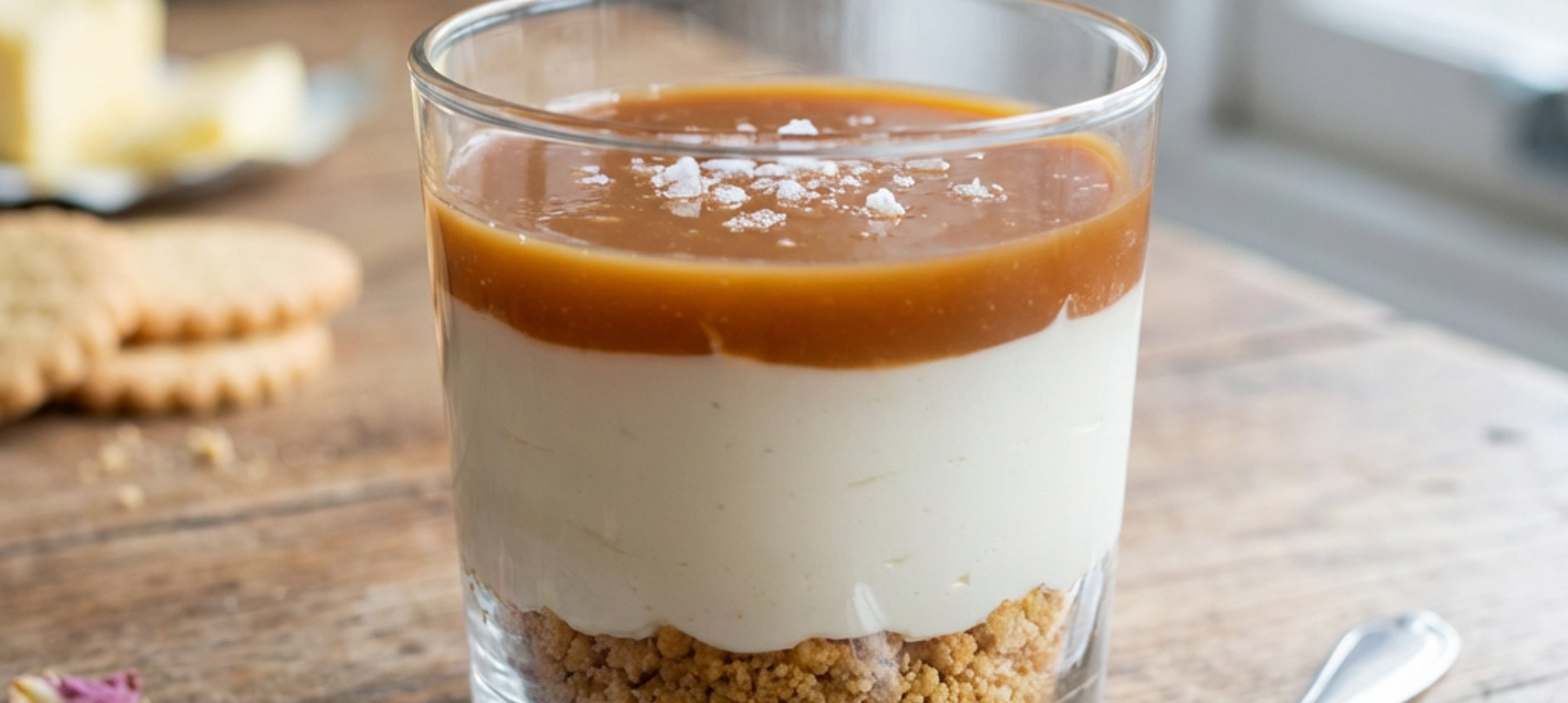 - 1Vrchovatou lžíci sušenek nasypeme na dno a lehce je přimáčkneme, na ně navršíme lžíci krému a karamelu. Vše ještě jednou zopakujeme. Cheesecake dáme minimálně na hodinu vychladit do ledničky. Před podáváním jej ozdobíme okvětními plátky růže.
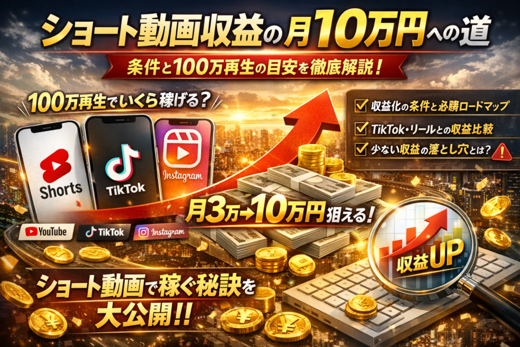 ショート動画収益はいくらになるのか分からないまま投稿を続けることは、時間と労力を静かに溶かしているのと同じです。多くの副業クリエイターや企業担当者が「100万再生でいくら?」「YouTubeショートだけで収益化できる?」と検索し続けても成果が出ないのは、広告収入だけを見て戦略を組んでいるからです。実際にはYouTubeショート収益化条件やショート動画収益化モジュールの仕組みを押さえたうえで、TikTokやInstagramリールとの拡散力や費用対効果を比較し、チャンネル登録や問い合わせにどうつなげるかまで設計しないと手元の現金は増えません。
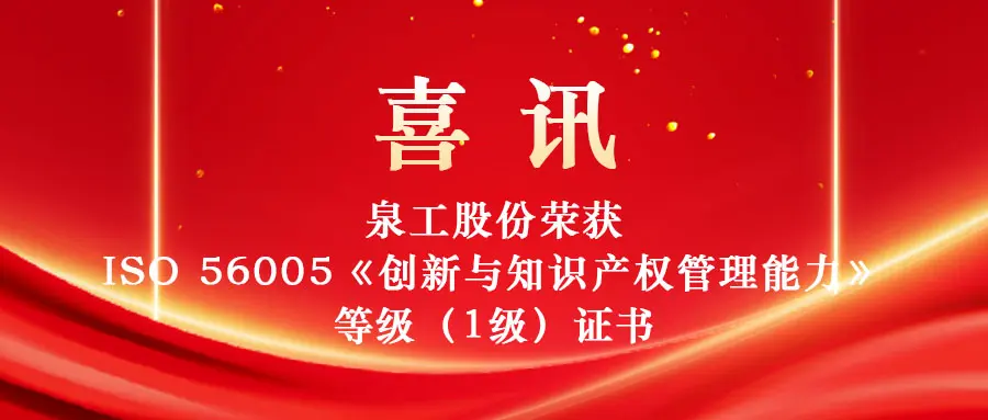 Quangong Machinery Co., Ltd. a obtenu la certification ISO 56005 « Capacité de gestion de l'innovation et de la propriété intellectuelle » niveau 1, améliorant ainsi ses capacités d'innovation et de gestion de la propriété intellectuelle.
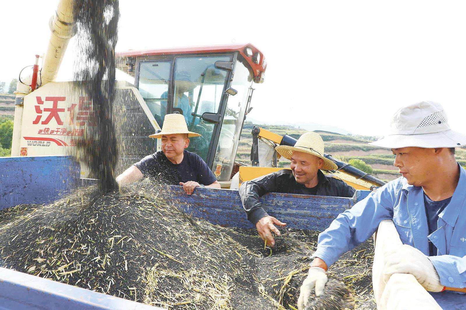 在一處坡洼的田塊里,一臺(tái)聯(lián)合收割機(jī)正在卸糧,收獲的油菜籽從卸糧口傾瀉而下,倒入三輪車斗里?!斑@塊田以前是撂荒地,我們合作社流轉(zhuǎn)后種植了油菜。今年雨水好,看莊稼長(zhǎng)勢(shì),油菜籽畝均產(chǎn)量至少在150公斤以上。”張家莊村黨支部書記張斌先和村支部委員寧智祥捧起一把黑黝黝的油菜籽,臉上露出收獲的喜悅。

::::::::::

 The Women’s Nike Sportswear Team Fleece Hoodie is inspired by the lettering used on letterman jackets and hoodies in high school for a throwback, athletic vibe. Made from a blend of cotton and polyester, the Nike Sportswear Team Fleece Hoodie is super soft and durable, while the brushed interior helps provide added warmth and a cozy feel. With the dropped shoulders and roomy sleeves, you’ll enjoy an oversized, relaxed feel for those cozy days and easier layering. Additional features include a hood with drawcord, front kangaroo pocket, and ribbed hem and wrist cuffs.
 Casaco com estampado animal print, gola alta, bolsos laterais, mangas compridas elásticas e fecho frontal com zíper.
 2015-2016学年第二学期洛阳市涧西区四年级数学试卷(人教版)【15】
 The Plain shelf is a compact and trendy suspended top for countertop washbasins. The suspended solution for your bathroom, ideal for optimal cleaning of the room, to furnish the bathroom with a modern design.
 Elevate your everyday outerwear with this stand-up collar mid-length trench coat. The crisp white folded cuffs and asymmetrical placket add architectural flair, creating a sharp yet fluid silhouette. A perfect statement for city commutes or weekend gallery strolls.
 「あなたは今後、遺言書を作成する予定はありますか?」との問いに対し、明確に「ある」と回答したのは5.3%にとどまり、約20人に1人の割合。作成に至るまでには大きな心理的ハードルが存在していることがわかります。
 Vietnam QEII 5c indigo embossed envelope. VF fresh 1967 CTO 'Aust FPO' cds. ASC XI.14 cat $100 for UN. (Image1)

::::::::::

_Problem_:
Display every line of the listing that contains the string "your".

_Task solution_:
 The Plain shelf is a compact and trendy suspended top for countertop washbasins. The suspended solution for your bathroom, ideal for optimal cleaning of the room, to furnish the bathroom with a modern design.
 Elevate your everyday outerwear with this stand-up collar mid-length trench coat. The crisp white folded cuffs and asymmetrical placket add architectural flair, creating a sharp yet fluid silhouette. A perfect statement for city commutes or weekend gallery strolls.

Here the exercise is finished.